(Exercise goal)
Retype only the lines that run from the top of the material below to the line bearing "The Maverick Glass", inclusive, and keep the pictures out.

(Data provided)
□ □ □ □ □ □ □

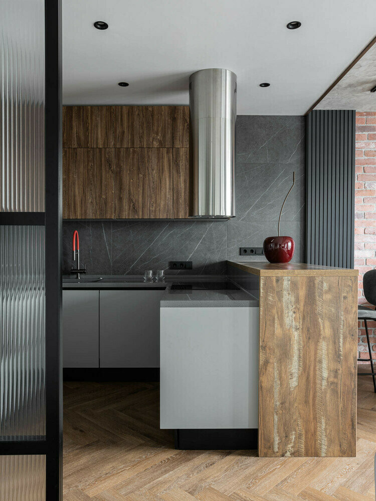 Зона кухни частично отделена стеклянной перегородкой, чтобы обособить вход в санузел. Зона готовки обращена к гостям, а барная стойка удобна для быстрого перекуса.
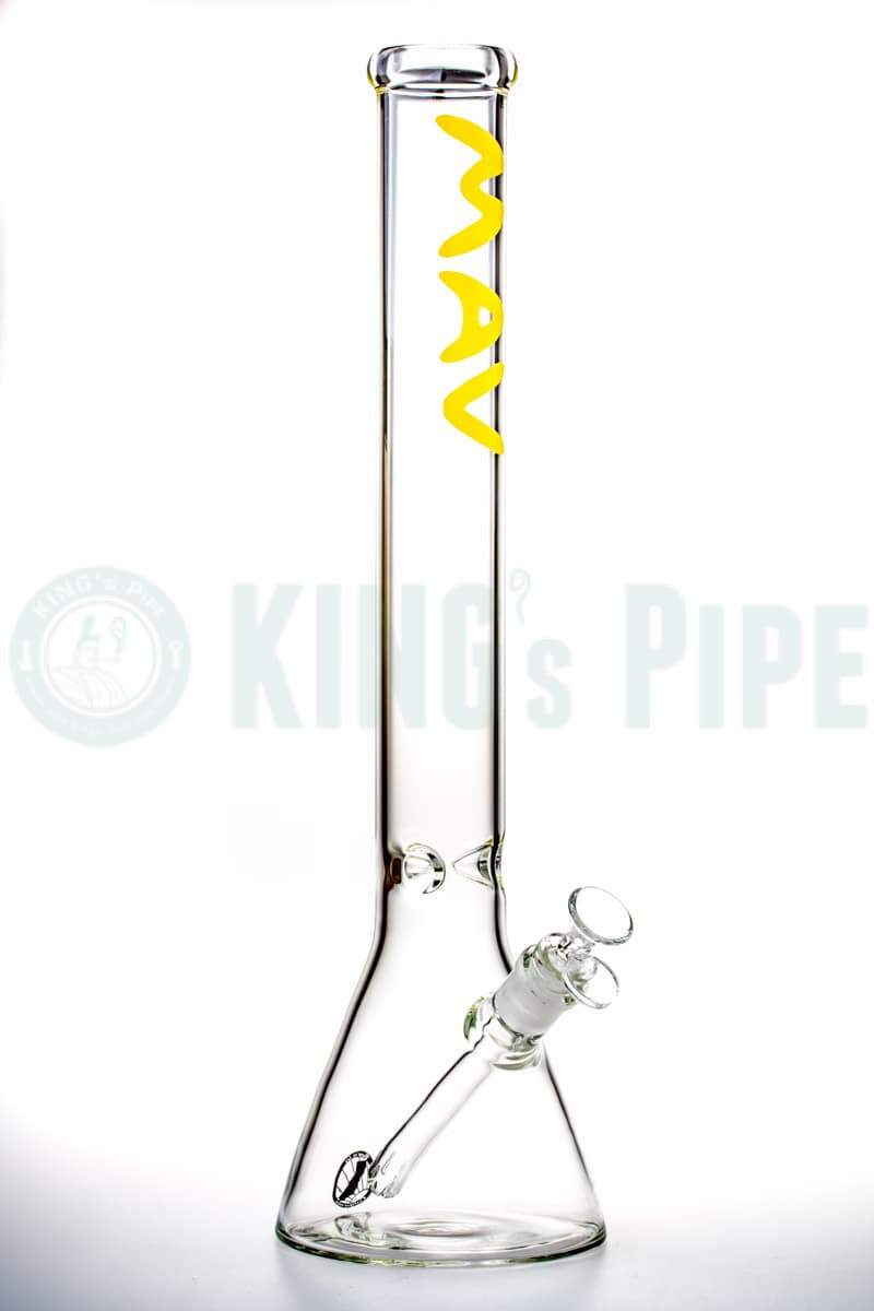 The Maverick Glass 18" Glass Beaker Water Pipe is a beefed up version of the usual beaker shaped, scientific glass beaker bongs, but boy is it fun to use! Donning an ice pinch in the neck, an 18mm Female joint and 14mm / 18mm diffused downstem & 14mm Male glass bowl, connecting to a big, beautiful, 5mm thick, Borosilicate glass body that was handcrafted right here in sunny Los Angeles. Ensuring your American glass water pipe won't shatter when exposed to extended periods of heat and will last you years of smoking pleasure. Looking for something a bit more discreet? KING's Pipe Online Smoke Shop carries a variety of tobacco glass beaker bongs to choose from, for some great sale prices too!
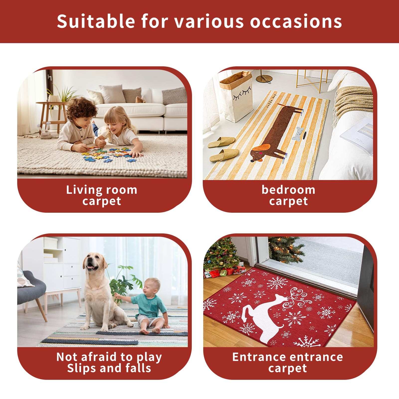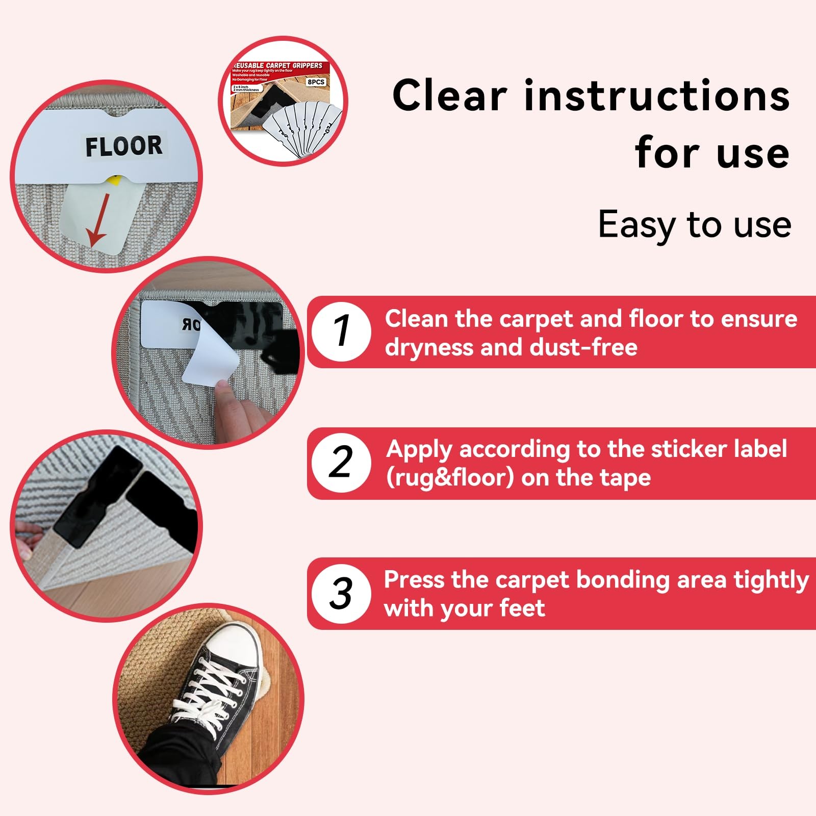 Rug Tape, Non Slip Rug Pads Grippers for Hardwood Floors and Tiles, Reusable Carpet Tape for Area Rugs, Double-Sided Adhesive Rug Stickers Keep Corners Flat Can be used in kitchen, bathroom, living room scenes, convenient to use Make your rug keep tightly on the floor: Fed up of rugs curling and sliding whilst you vacuum? Professional and beautiful carpet grippers design, with strong dual sided adhesive,Large size can firmly adhere to the carpet and floor, keeping the corners and edges of your carpet flat and no longer warped. Protect your family:Stop slips, trips, and falls, curled corners and sliding rugs are a danger to your family. Keep tour area rugs in place and secure with no slip rug pads. Washable and reusable: The grippers for rugs are easily removed and no residues will be left. You can wipe the grippers with clean water or soapy water if needed. Well, cleaning with rubbing alcohol could help achieve better effectiveness to resume the adhesion. Note: If the backing of your rugs has fluff or fiber, it is not suggested to remove the grippers from your area rugs to wash. Just clean or wash the grippers on the rug Easy to Use: just remove the release paper from the carpet slip grip and apply it to dry and dust free carpets and floors.When you need to clean the floor under the carpet, you can easily temporarily remove the product from floor and reapply it after cleaning, No Damaging for Floor: The floor side of non slip rug carpet tape is removable and without residue, and it will not damage or stain your flooring, especially wooden floor, laminate floor. NOTE: 1. It is not recommended to use on the area rug with FLUFF backing, as the grippers are very sticky and may remove the fluff. 2. It is not recommended to use on the area rug with JUTE or RUBBER backing, as the grippers may not stick to these materials. 3. It is not recommended to use on AREA RUG over CARPET 🏆 Instant Setup, Security ✨ 6-Second No-Tools Installation — Simply peel, stick, and secure your rug in seconds. No adhesives, no drilling, for all floors (wood, tile, laminate).

□ □ □ □ □ □ □

(Exercise answer)
 Зона кухни частично отделена стеклянной перегородкой, чтобы обособить вход в санузел. Зона готовки обращена к гостям, а барная стойка удобна для быстрого перекуса.
 The Maverick Glass 18" Glass Beaker Water Pipe is a beefed up version of the usual beaker shaped, scientific glass beaker bongs, but boy is it fun to use! Donning an ice pinch in the neck, an 18mm Female joint and 14mm / 18mm diffused downstem & 14mm Male glass bowl, connecting to a big, beautiful, 5mm thick, Borosilicate glass body that was handcrafted right here in sunny Los Angeles. Ensuring your American glass water pipe won't shatter when exposed to extended periods of heat and will last you years of smoking pleasure. Looking for something a bit more discreet? KING's Pipe Online Smoke Shop carries a variety of tobacco glass beaker bongs to choose from, for some great sale prices too!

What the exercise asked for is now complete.